Differential expression of lignocellulose degradation related genes
The differential expression of these 17 genes was analyzed (Fig. 11). SE.1A4887, SE.1A4757, SE.1A2186, SE.1A5997, SE.1A7714 and SE.1A4339 were clustered together, and the expression level were high in all the six stages. SE.1A3039, SE.1A1616, SE.1A5542, SE.1A8861 and SE.1A1551 were clustered together, and the expression level were low. Among them, SE.1A3690 showed as the highest expression in the B1 stage, indicating its relation to lignocellulose degradation significantly. B4 and B6 are clustered together because they are all fruiting body. B2 and B3 cluster together because they are at a lower temperature.
Validation of DEGs by Quantitative Real-Time PCR (qRT-PCR)

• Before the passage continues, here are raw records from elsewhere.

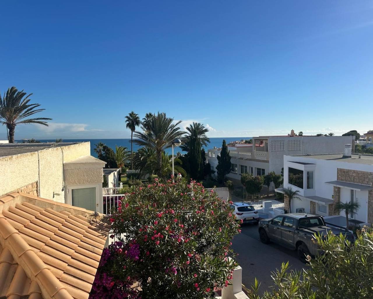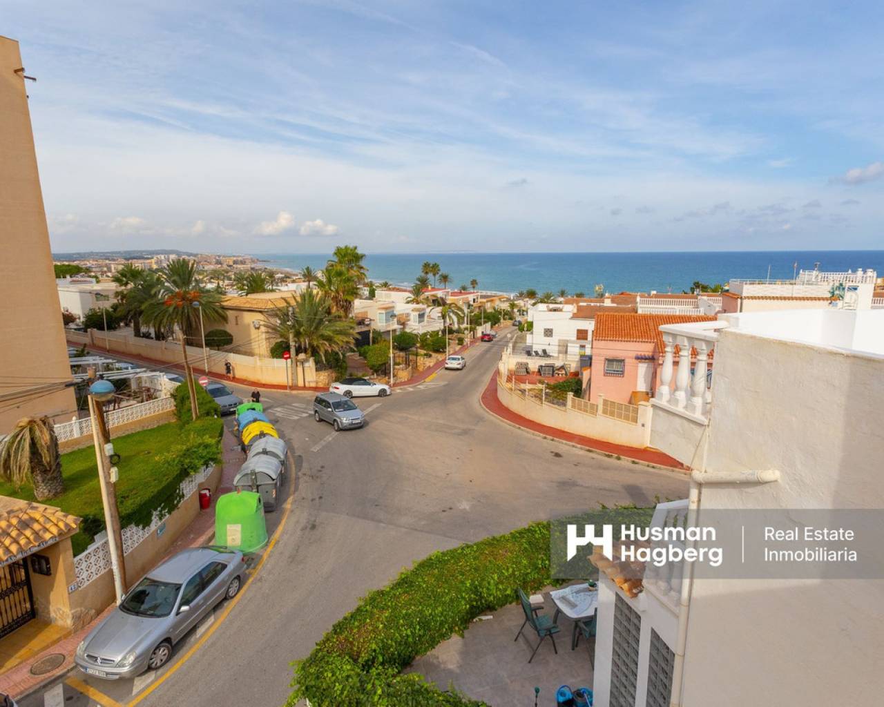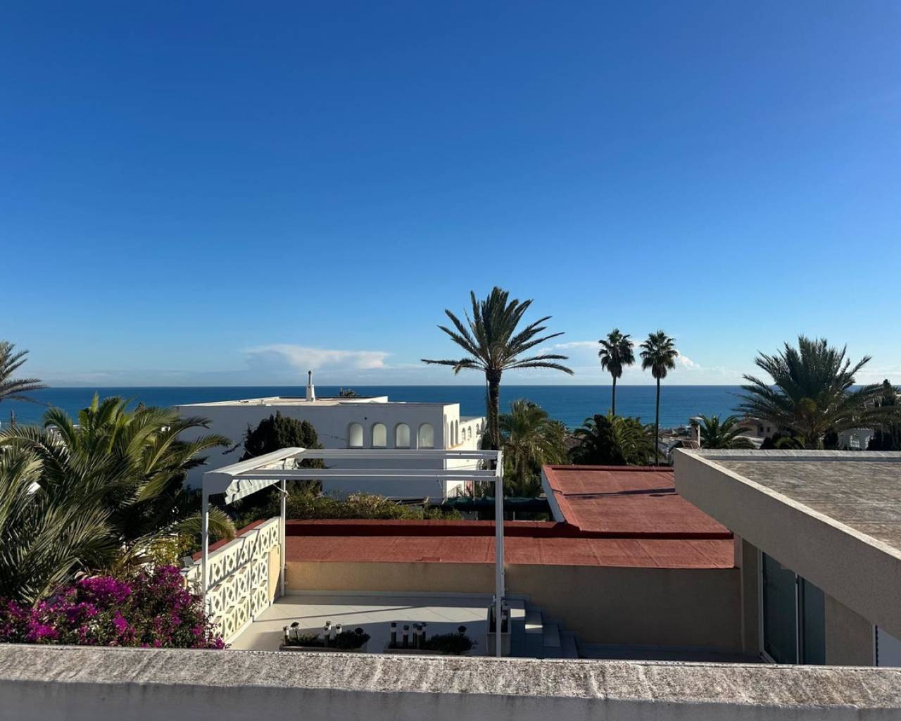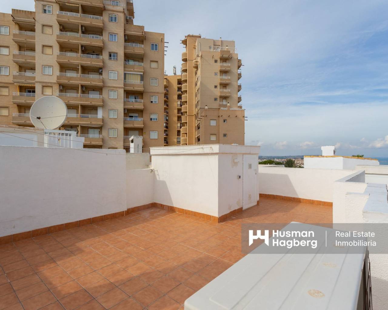 Charming townhouse with roof terrace in a sunny location and sea views We are pleased to present this unique and newly renovated townhouse with fantastic sea views from all floors - a real gem for those looking for a home on the coast with both character and modern comfort. The property offers two bedrooms, one bathroom, a bright living room and an open-plan kitchen. There are several lovely outdoor spaces - a terrace on two levels, a sunny balcony and a roof terrace shared with only one neighbour. From each level you can enjoy the view of the Mediterranean Sea, where sky and sea meet in harmonious blue tones. In 2024, the townhouse underwent an extensive renovation with several upgrades that raise both the standard and quality of life. Among other things, a practical roof storage room and a new balcony were built, and the patio has been expanded to create even more space for relaxation and social moments. The kitchen and kitchen floor have been renewed with stylish materials, and two new air conditioning units have been installed. The guest room now has solar cells, which contributes to a more sustainable living, and the previous bidet has been replaced with a washing machine for increased functionality. The area around Torre del Moro, where the property is located, is one of Torrevieja's most appreciated. Here, history, culture and nature meet in perfect balance. The iconic tower, which has stood here since the 14th century, still watches over the coast and reminds us of the city's rich heritage. Around the tower, a beautiful park spreads out with palm trees, walking paths and seating areas - a place where both locals and visitors gather to enjoy the tranquility and the expansive sea views. Here you live close to beaches, restaurants, parks and services, but still with the feeling of being in your own little oasis. Welcome to contact us for more information or to book a viewing - we of course offer digital viewings for those of you who are unable to be there in person.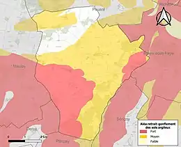 Les mouvements de terrains susceptibles de se produire sur la commune sont des tassements différentiels[18]. Le retrait-gonflement des sols argileux est susceptible d'engendrer des dommages importants aux bâtiments en cas d’alternance de périodes de sécheresse et de pluie[19]. 85,1 % de la superficie communale est en aléa moyen ou fort (79,5 % au niveau départemental et 48,5 % au niveau national)[Carte 2]. Depuis le , en application de la loi ÉLAN, différentes contraintes s'imposent aux vendeurs, maîtres d'ouvrages ou constructeurs de biens situés dans une zone classée en aléa moyen ou fort[Note 2],[20].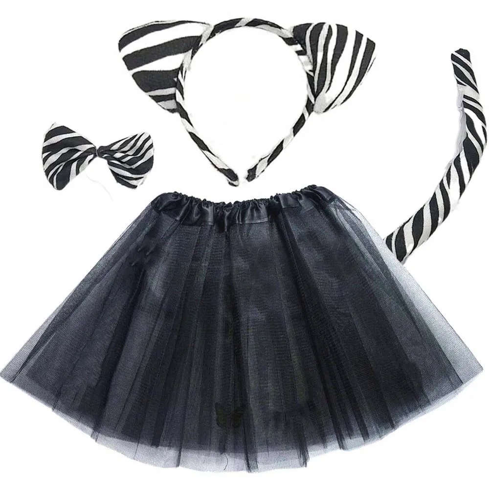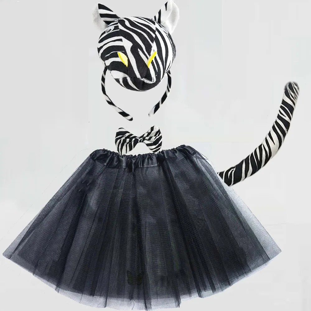 Детская повязка на голову в виде зебры, хвост, галстук, костюм, юбка, нарядное платье на день рождения, реквизит для малышей, косплей, Хэллоуин

In order to further verify the reliability of the transcriptome data, Four core genes and four other DEGs related to lignocelluloses degradation were selected for qRT-PCR(Fig. 12).The primers used in qPCR were listed in Table S5. The expression patterns of 8 genes detected by qRT-PCR wereconsistent with the transcriptome expression trend during the six development but a few genes were at some stage showed different expression trends. The above disparities may have been caused by differences between transcriptome sequencing and qRT-PCR as detection methods, a certain degree of inconsistency (about 30-40%)(Chen et al., 2020). The result was normal and reasonable. The results showed that the qRT-PCR results of most of the genes were consistent with the transcriptome data.